Lt-Col. G.P.L. Weston

Lieutenant-Colonel G.P.L. Weston
2nd Battalion, Middlesex Regiment (MG)

During my daily visits to Platoons I still see men unnecessarily miserable under quite moderate and sporadic shell fire. Very often I am greeted by the remark “It’s murder up here” but found shells dropping 200 years or more away. I want All Ranks to realise that, except for a few isolated instances, we have not yet experienced the really heavy shellfire which we have inflicted frequently upon the Hun and which we must expect when he mounts a large scale attack against us. A little shelling is good for the soul.

(Weston in War Diary, 11 Jul 1944)

Born on 21 August 1910, Gerald Patrick Linton Weston was a cricketer player, commissioned into the Middlesex Regiment (Duke of Cambridge’s Own) in 1931 and promoted to captain in 1939. As a qualified pilot, he was seconded to the Royal Air Force and served as a flight lieutenant with a bomber squadron. By June 1943, he returned to the infantry and succeeded Lieutenant-Colonel J.E.F. Willoughby in command of the 2nd Battalion, Middlesex Regiment, the machine gun unit attached to 3rd Infantry Division.

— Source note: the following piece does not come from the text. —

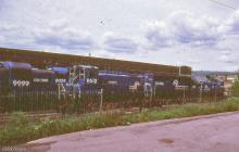 Conrail SW1500 9612 (ex-RDG 2762) is seen behind the Juniata Shops with RS3M 9999 (ex-EL 1049) in 1983.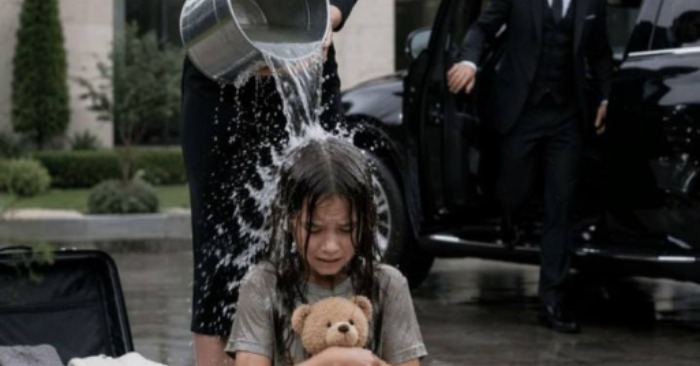 Emily apenas comprendió lo que sucedía mientras el agua helada la cubría. El impacto la dejó sin aliento. La ropa se le pegaba al cuerpo. El pelo se le pegaba a la cara. El osito de peluche se le cayó de la mano, empapado y pesado.

Weston led the battalion from D-Day until the end of the war in Europe. After five weeks in France, Weston expressed to his troops, “Although few of us are quite the brave heroes into which the Daily Mirror is determined to turn us, there have been several instances of extremely gallant conduct, which I hope will be duly rewarded when honours lists are published.”

By the end of the campaign, Weston earned the D.S.O.: “Throughout this long period Lt-Col Weston has been the personification of gallant and inspiring leadership. Always cheerfully optimistic. his fearlessness has become a tradition in the Regt; the occasions on which he as personally swayed a difficult situation in his company’s battles are too numerous to related.”

Weston was next assigned to Java to command the 161st Indian Infantry Brigade and then commanded 6th Parachute Brigade from 1947 to 1949. Following a posting in Malaya, he became commandant for the Army Air Corps in 1957 and then director of the Land/Air Warfare War Office from 1960 to 1964.

He died on 26 October 1977 in North Warnborough, Hampshire.